● **Dataset entries**

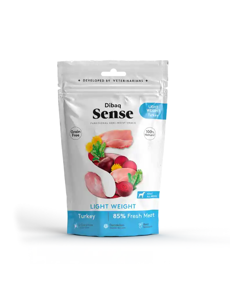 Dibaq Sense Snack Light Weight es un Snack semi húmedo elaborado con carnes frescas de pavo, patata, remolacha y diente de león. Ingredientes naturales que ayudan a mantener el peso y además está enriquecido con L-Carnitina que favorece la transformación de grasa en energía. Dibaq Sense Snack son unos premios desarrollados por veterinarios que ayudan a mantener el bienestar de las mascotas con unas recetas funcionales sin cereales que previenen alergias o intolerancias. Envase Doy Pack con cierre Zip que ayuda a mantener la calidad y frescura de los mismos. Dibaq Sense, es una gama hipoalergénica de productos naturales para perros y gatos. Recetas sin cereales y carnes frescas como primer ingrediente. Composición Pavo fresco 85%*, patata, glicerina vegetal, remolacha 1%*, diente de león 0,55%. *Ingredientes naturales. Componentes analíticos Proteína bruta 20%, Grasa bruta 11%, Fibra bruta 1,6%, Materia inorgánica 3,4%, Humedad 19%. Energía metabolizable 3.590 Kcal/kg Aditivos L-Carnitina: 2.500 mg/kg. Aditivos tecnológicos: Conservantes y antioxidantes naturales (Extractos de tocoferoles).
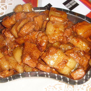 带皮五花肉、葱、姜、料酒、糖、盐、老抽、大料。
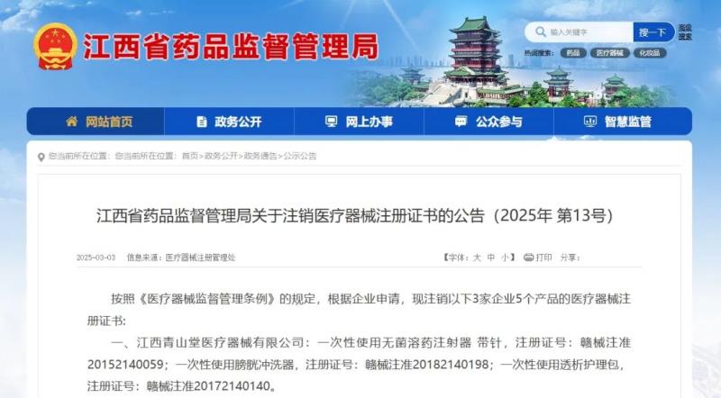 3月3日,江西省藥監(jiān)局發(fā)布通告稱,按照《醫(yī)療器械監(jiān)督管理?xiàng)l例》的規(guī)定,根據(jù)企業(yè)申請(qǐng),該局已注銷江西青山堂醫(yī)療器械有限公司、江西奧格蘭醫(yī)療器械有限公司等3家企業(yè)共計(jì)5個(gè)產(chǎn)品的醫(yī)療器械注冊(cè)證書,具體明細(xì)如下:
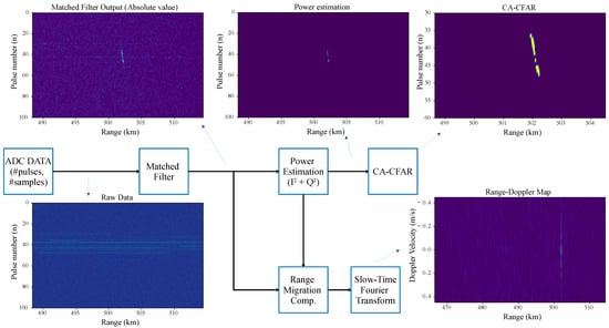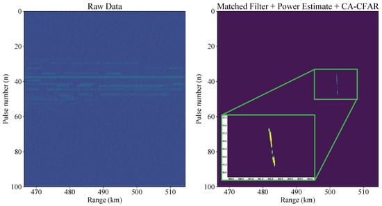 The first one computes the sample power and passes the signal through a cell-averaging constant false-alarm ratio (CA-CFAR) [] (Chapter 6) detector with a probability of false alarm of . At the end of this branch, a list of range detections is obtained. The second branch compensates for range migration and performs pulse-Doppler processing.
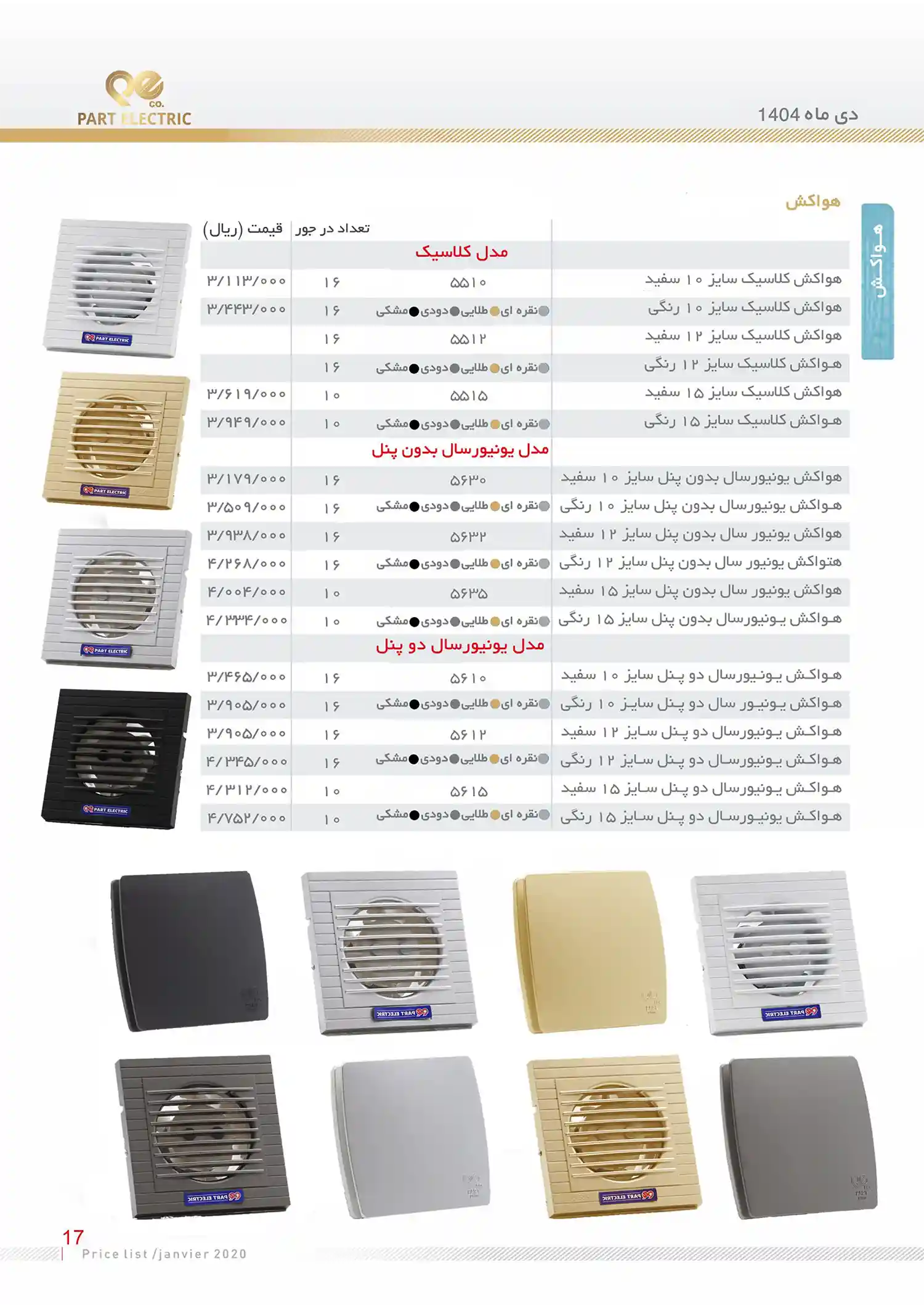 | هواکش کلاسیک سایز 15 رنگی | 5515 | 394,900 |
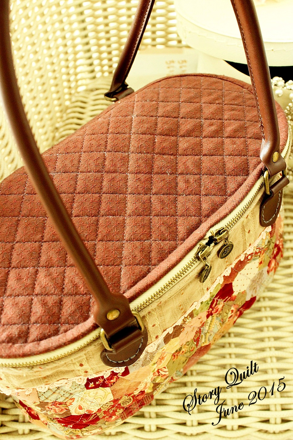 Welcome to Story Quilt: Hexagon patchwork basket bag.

...

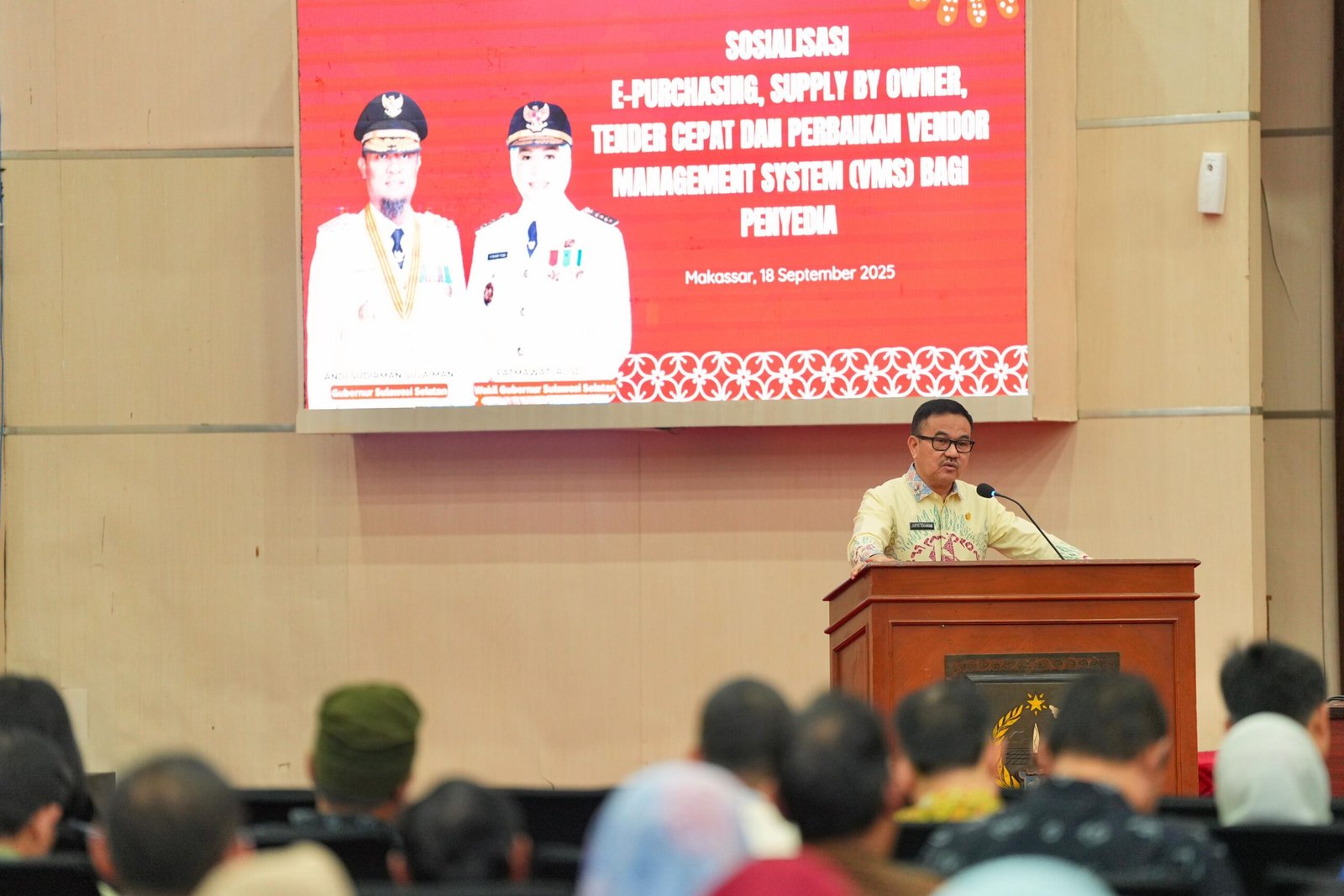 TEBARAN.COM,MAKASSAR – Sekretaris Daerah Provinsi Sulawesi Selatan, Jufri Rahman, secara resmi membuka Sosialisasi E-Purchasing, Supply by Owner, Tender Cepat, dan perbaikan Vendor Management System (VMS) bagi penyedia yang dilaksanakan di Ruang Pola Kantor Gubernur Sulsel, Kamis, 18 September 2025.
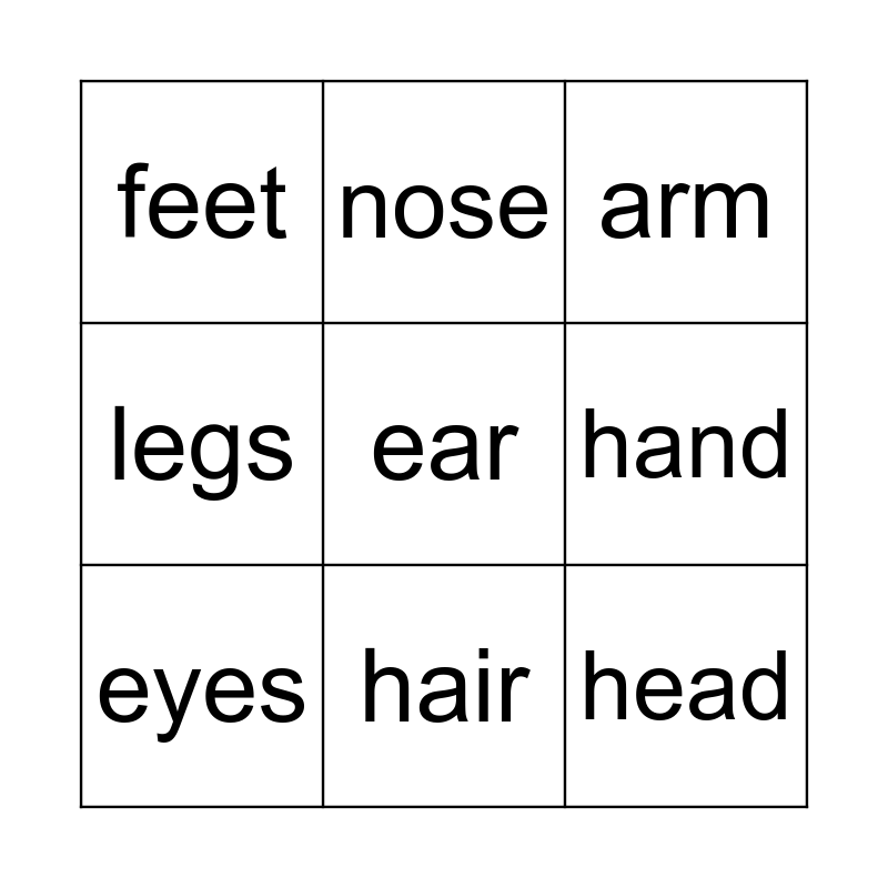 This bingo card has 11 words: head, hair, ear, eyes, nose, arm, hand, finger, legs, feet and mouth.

● **What the task requires**
Copy exactly the lines of the listing above between the one holding "5515 | 394,900 |" and the one holding "Welcome to Story", inclusive; omit all pictures.

● **Response**
 | هواکش کلاسیک سایز 15 رنگی | 5515 | 394,900 |
 Welcome to Story Quilt: Hexagon patchwork basket bag.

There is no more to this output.